Maximize your return with a CD ladder

It shines when the CD ladder wants a guaranteed return without market risk. The highest CD rates currently exceed 4%, but generally do not match the potential returns from stocks and other risky investments in the long run.

However, CD ladders offer what these investments cannot: certainty. Opening a CD will give you a sense of exactly how much you earn, providing valuable stability for a part of your financial portfolio.

CD ladder flexibility and fluidity

CD ladders provide an intermediate basis between full liquidity (such as savings accounts) and long-term commitments (such as five-year CDs). Ladders allow CDs to mature regularly and allow regular access to funds without sacrificing the higher interest of long-term CDs.

If you’re not sure about tying your money, consider keeping emergency funds (3-6 months’ expenses) for immediate access, while using CD ladders on other savings targets.

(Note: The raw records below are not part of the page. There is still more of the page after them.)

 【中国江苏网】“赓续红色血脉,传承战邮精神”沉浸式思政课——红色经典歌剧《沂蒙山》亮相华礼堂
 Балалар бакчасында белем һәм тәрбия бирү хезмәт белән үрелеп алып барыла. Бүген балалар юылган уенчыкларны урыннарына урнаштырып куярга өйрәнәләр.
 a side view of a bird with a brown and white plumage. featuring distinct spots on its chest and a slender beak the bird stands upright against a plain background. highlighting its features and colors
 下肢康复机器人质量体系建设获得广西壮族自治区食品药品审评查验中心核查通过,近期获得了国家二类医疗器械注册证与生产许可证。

Reducing risks from CD ladders

CD ladders help you manage your interest rate risk. This is the possibility that the fee may change after you commit your money. If the rate rises, CDs will regularly mature which can be reinvested at a higher rate. As prices drop, long-term CDs continue to earn higher lock-in rates.

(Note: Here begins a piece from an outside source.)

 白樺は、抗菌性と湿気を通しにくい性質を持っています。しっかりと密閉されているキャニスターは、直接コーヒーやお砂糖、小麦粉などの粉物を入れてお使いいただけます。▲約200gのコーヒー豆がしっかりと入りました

This makes the CD ladder especially valuable during periods of interest rate uncertainty or volatility.

Conclusion

CD Ladders offer a strategic approach to balancing higher interest rates and saving regular access to your money. Surprising different maturities dates on multiple CDs may give you a little more control over your money while taking advantage of the guaranteed returns.

The structure of an ideal CD ladder depends on your specific financial goals, timeline and comfort. For the biggest returns, instead of automatically updating with the same bank, always compare rates from different financial institutions when the ladder CD matures.